Dataset records:
*-*-*

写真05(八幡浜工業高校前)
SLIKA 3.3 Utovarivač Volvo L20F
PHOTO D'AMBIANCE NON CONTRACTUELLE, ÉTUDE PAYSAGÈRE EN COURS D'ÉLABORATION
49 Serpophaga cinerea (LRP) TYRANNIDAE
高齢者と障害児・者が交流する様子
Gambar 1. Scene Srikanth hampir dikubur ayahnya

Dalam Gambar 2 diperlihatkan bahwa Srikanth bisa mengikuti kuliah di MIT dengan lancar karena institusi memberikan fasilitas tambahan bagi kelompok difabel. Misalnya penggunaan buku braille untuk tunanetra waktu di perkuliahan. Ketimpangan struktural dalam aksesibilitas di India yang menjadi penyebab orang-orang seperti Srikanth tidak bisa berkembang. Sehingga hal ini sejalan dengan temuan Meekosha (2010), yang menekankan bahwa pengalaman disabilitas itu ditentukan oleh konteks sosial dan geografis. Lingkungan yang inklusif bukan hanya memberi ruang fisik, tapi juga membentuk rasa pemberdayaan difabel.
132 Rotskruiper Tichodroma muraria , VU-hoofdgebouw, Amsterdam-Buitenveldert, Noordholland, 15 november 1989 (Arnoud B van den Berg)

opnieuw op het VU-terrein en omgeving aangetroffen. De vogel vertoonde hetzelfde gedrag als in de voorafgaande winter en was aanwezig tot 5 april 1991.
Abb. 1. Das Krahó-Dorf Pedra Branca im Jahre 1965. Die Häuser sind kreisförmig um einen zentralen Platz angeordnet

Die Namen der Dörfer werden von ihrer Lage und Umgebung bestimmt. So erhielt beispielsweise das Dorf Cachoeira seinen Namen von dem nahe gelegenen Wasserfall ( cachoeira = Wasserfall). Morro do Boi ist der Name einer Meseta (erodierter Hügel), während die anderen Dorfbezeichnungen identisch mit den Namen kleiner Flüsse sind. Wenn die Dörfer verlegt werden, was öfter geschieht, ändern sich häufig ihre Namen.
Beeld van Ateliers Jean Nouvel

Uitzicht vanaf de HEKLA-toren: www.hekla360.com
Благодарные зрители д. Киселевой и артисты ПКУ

*-*-*

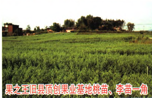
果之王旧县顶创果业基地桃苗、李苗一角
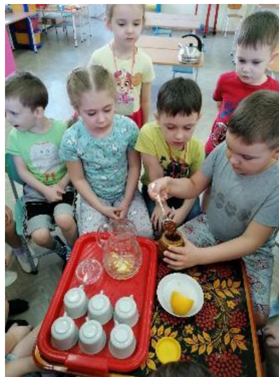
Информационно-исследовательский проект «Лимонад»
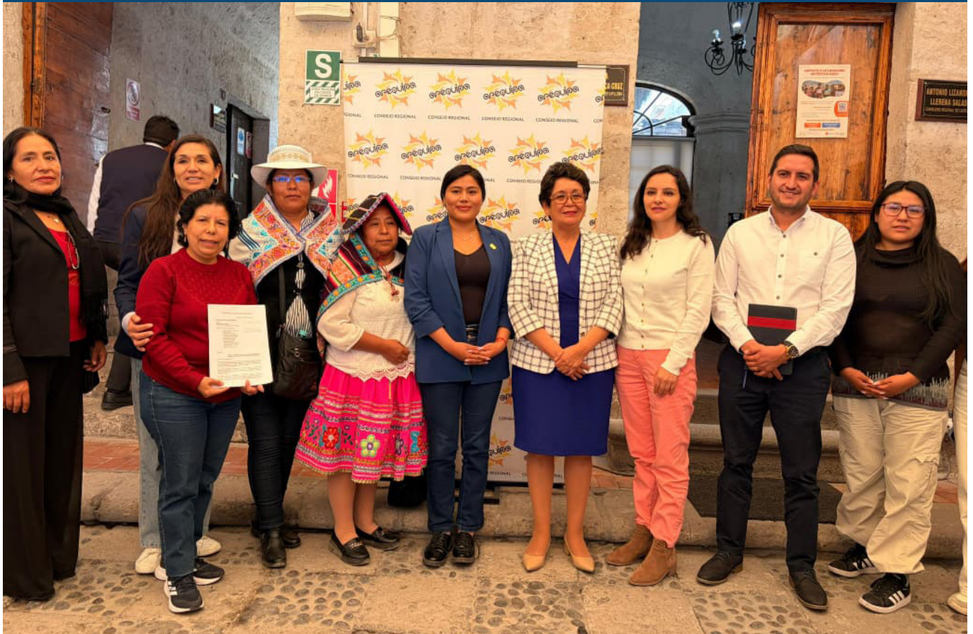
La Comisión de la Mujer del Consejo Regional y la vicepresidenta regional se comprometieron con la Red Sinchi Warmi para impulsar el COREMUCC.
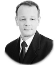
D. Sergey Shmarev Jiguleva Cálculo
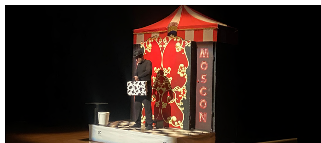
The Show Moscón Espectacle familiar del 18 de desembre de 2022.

*-*-*

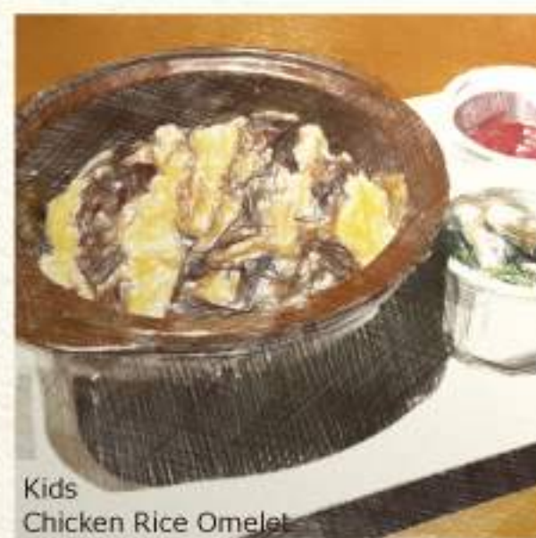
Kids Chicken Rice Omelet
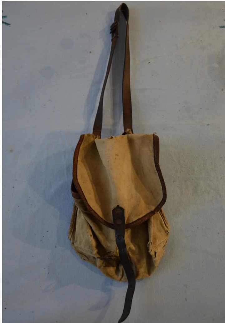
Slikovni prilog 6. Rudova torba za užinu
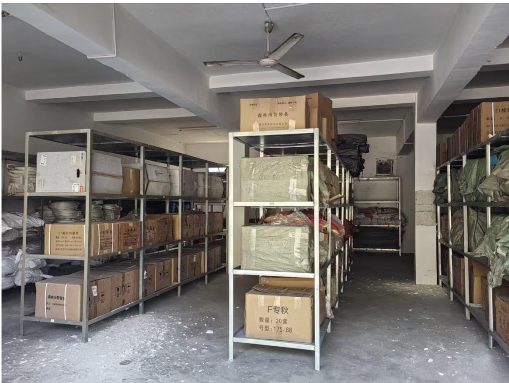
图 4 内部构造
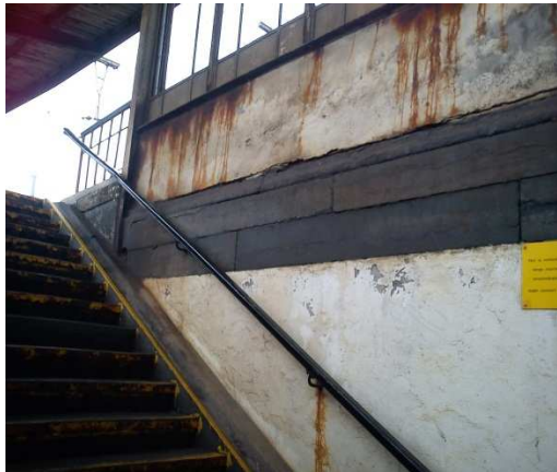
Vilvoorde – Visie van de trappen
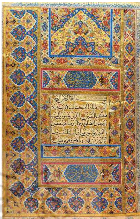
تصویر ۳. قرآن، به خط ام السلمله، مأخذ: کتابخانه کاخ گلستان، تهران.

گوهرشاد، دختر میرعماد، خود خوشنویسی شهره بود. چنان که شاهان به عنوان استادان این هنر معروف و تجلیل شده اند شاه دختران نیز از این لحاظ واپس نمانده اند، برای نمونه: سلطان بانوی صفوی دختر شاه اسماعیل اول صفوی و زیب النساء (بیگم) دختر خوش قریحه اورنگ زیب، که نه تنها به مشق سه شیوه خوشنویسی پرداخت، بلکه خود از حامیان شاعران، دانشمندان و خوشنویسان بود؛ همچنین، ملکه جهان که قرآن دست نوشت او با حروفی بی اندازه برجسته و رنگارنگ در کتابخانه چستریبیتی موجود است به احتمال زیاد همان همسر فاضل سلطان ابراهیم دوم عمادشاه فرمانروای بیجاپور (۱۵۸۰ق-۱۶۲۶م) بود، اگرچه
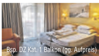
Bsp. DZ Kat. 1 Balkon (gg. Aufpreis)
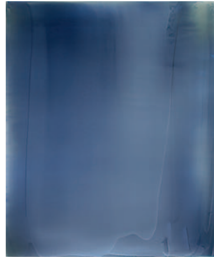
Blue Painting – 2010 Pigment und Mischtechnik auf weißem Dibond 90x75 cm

*-*-*

◆ **Description of the task**:
Reproduce exactly the section above that begins at the line containing "Gambar 1. Scene" and ends at the line containing "Dalam Gambar 2", leaving out all other lines.

◆ **Result**:
Gambar 1. Scene Srikanth hampir dikubur ayahnya

Dalam Gambar 2 diperlihatkan bahwa Srikanth bisa mengikuti kuliah di MIT dengan lancar karena institusi memberikan fasilitas tambahan bagi kelompok difabel. Misalnya penggunaan buku braille untuk tunanetra waktu di perkuliahan. Ketimpangan struktural dalam aksesibilitas di India yang menjadi penyebab orang-orang seperti Srikanth tidak bisa berkembang. Sehingga hal ini sejalan dengan temuan Meekosha (2010), yang menekankan bahwa pengalaman disabilitas itu ditentukan oleh konteks sosial dan geografis. Lingkungan yang inklusif bukan hanya memberi ruang fisik, tapi juga membentuk rasa pemberdayaan difabel.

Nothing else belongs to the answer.